The Greens Party (Yeşiller Partisi also Yeşiller for short) or Green Party is a green party in Turkey founded in 2020. The Interior Ministry blocked the party from standing in the 2023 elections.

== History ==
Greens Party (Yeşiller Partisi) (website yesiller.org) was a green liberal party in Turkey. Being the 57th political party of Turkey, it was established on 30 June 2008 after years of preparation since 2002.

A green party with the same name was established prior to its establishment in 1988 (its founding President was former Health Minister Celal Ertuğ (in Turkish)). The latter was closed down in 1994, and its third and last President was Aydın Ayas, who took the eco-liberal turn for the party.

Greens maintained local branches and initiatives in Istanbul, Ankara, İzmir, Bursa, Tekirdağ, and Antalya. Greens were known as the Greens of Turkey (Türkiye'nin Yeşilleri, Yeşiller Partisi) prior to the founding of the party. The party held its first general congress on 6 June 2010.

In November 2012, it merged with the Equality and Democracy Party to form the Greens and the Left Party of the Future, YSGP for short. The party is one of the participants in the Peoples' Democratic Congress, a political initiative instrumental in founding the Peoples' Democratic Party in 2012. The Greens, along with feminists, left YSGP en masse in 2016, citing its lack of democratic decision making practices.

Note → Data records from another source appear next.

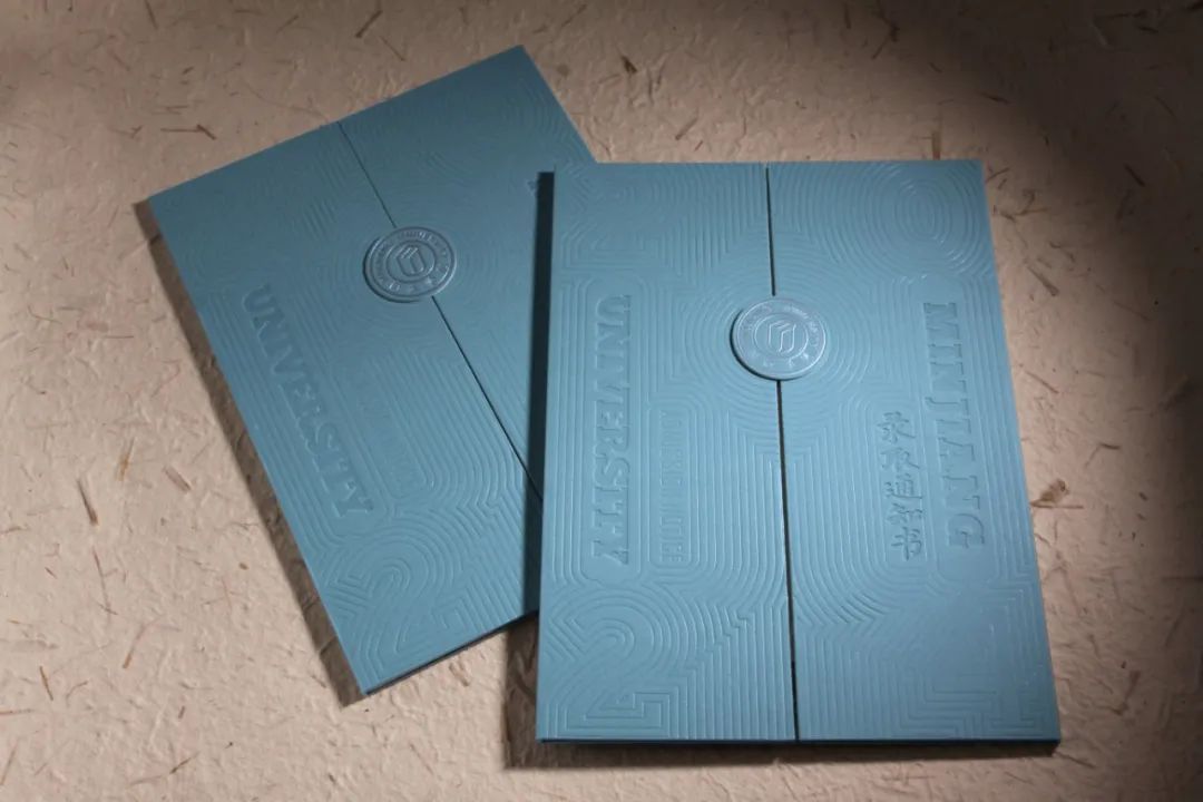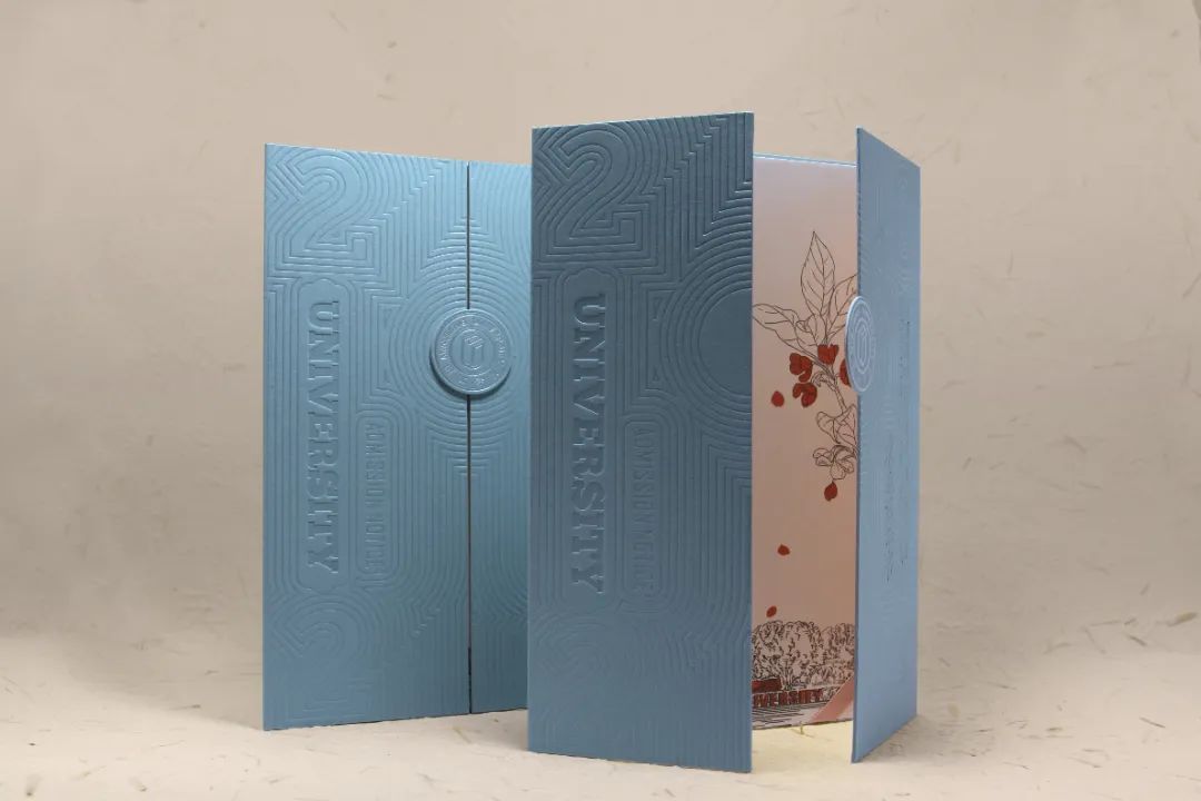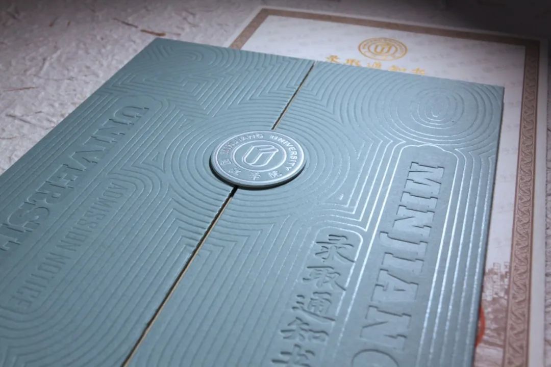 通知书采用对开折页设计,有“继往开来”之意,采用天青色调进行设计,所谓“青出于蓝而胜于蓝”,寓意新生学子经历高中学习苦尽甘来,并在大学学习生涯更进一步。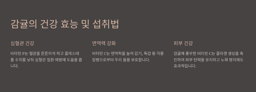 겨울철은 면역력이 약해지기 쉬운 계절이에요. 감귤은 비타민 C를 다량 함유하고 있어 겨울철 감기와 같은 질환 예방에 탁월한 효과를 보여줘요. 면역력을 높이는 감귤은 가족 모두가 즐길 수 있는 건강 과일이에요.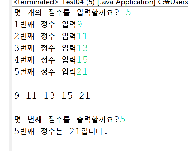 모두 저장되었다면 정수를 하나 더 입력받아서, 해당 번째에 저장된 정수 출력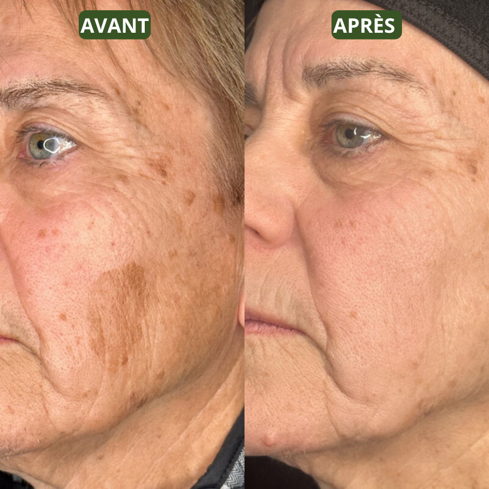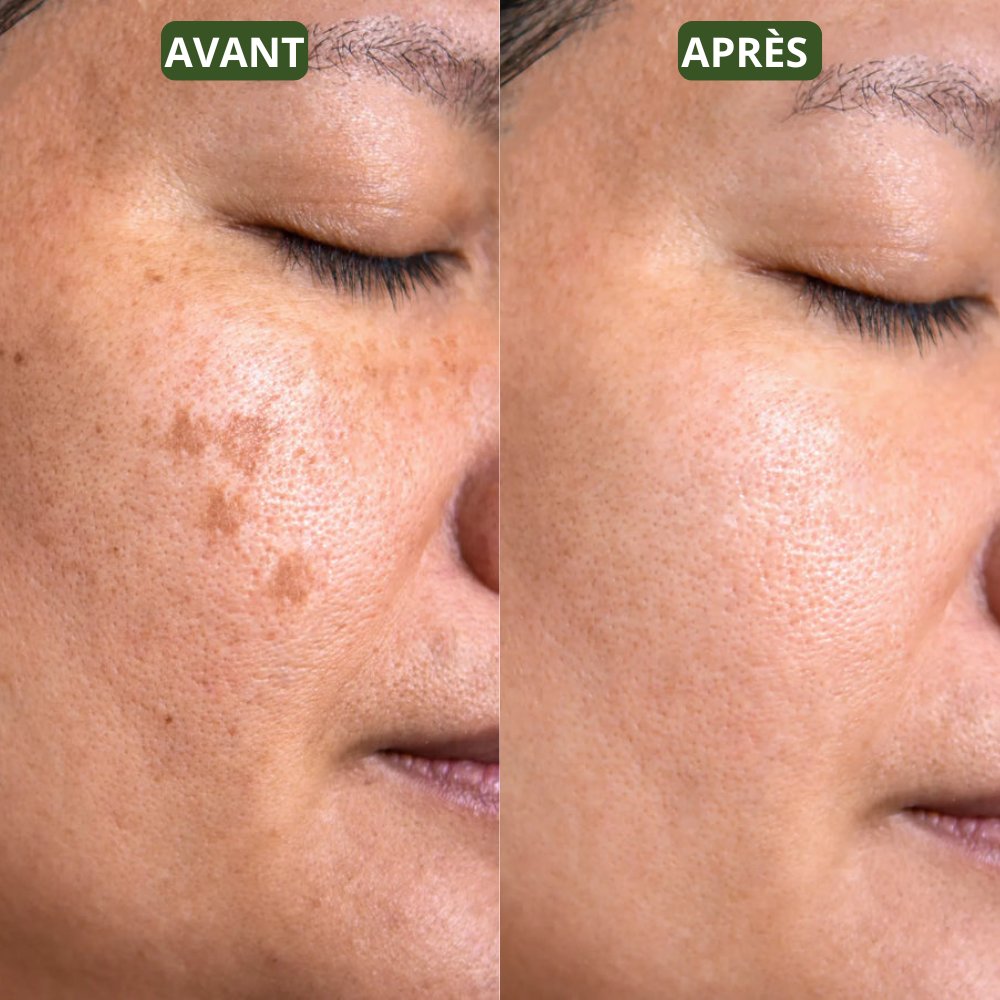 Estompe les taches brunes et les marques pigmentaires. réduction visible, jusqu’à 70 % en 30 jours.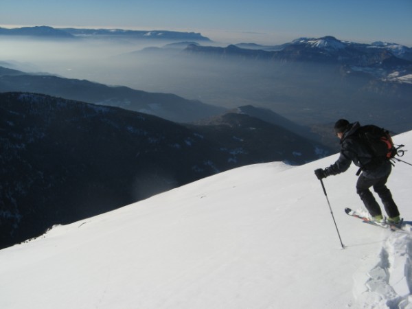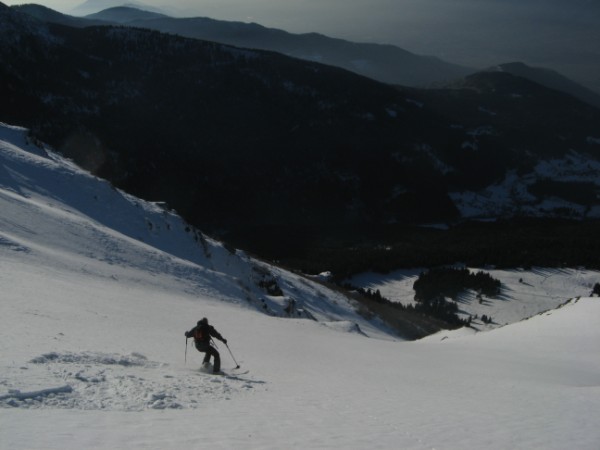 Quelques accumulations en N dans la combe de Bédina qui nous ont surpris par rapport aux bulletins. En W, bonne cohésion entre la poudre et le fond dur.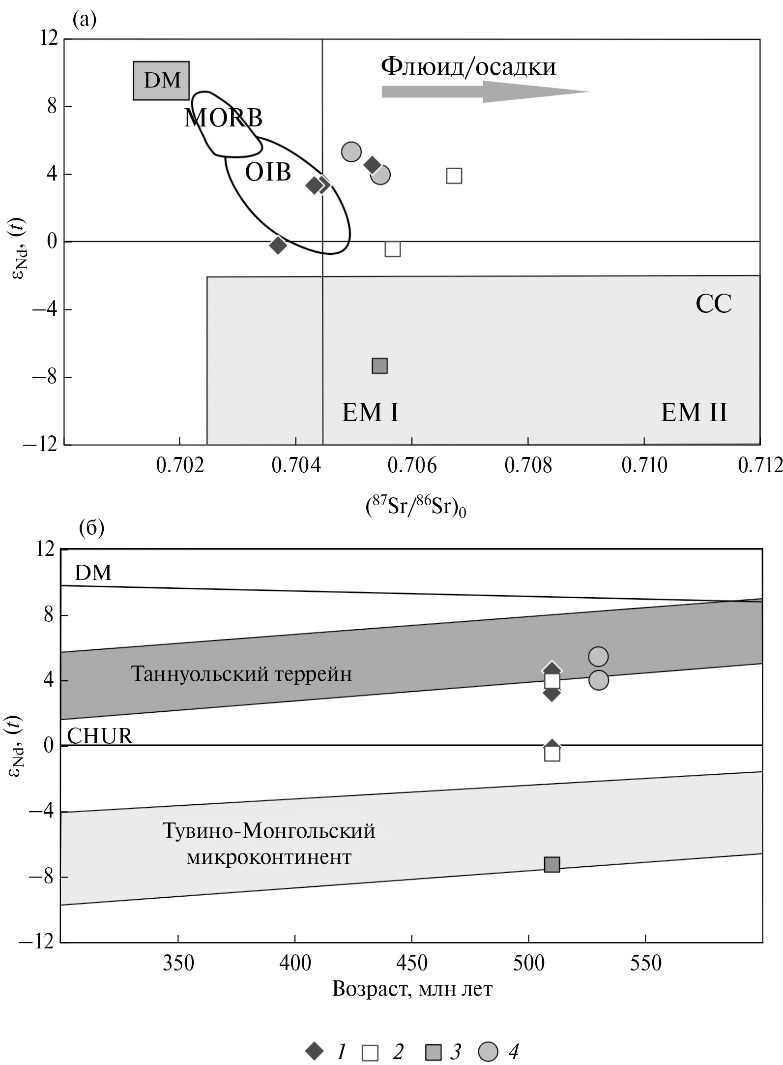 Положение исследованных составов на диаграммах в полях базальтов континентальных и задуговых обстановок, геохимические и изотопные особенности состава вулканитов позволяют предполагать, что формирование бассейна происходило на коре переходного типа (рис. 11, а, б).

After the splitting, Yeşil Siyaset Meclisi was founded with the idea of founding a green party again one day. After four years of preparation, Yeşiller Partisi was founded on 21 September 2020 again with 110 founding members; 55 of these members were women and 55 were men.

In 2020, the Greens submitted documents to the Ministry of the Interior to register their status as a political party, so their name could be written on ballot papers. In 2021 the Greens filed a lawsuit against the ministry over the delay in providing the receipt stipulated in the Political Parties Law. In February 2023, the Ankara 8th Administrative Court ruled that the Interior Ministry must issue the receipt.

The party endorsed Kemal Kılıçdaroğlu for the 2023 Turkish presidential election. For the parliamentary elections, on the other hand, the party established an electoral alliance with the Workers' Party of Turkey (TİP), and its spokerpersons, Özlem Taşdemir Teke and Koray Doğan Urbarlı, decided to run as candidates on TİP's lists.

== Party programme ==

- Carbon-free economy: Greens say that fossil fuel dependency is the main cause of the climate change that has shaken political and social structures, and economic dynamics around the world; and of climate change in Turkey. They aim to stop all fossil fuel use by 2050 and reduce the nation's greenhouse gas emissions to net zero. In order to achieve this Greens encourage responsible use of the nation's solar energy and wind power and phasing out the use of coal in Turkey.
- Green New Deal: Greens aim for a total transformation of the economy of Turkey by supporting the nation's energy and transport infrastructure change, energy efficiency, creating good jobs, increasing the quality of life, cooperatives, sustainable tourism in Turkey, small scale agriculture in Turkey, care services, alternative and informal jobs.
- Water as a right for all: Greens say that water is a commons that belongs to all humans, other living beings and future generations. Greens will develop policies that will repair the broken hydrological cycle and foster water conservation in agricultural, domestic and industrial domains.
- Good, Clean, Healthy Food for All: Greens will ban pesticides which put the country's biodiversity, natural resources, human and animal lives at risk. They aim to create a support system to prevent the farmers dependency on companies and pesticides, and focus on preventing the depletion of natural resources, soil degradation, deforestation and desertification through holistic, restorative and sustainable agricultural practices.
- Gender and Sexuality: Greens say that gender and sexuality in the country is an area of rights, equality and freedom and set out to displace the patriarchal ideology and make structural and relational change in order to achieve liberation for all individuals, women, men and LGBTQI+ through equal citizenship.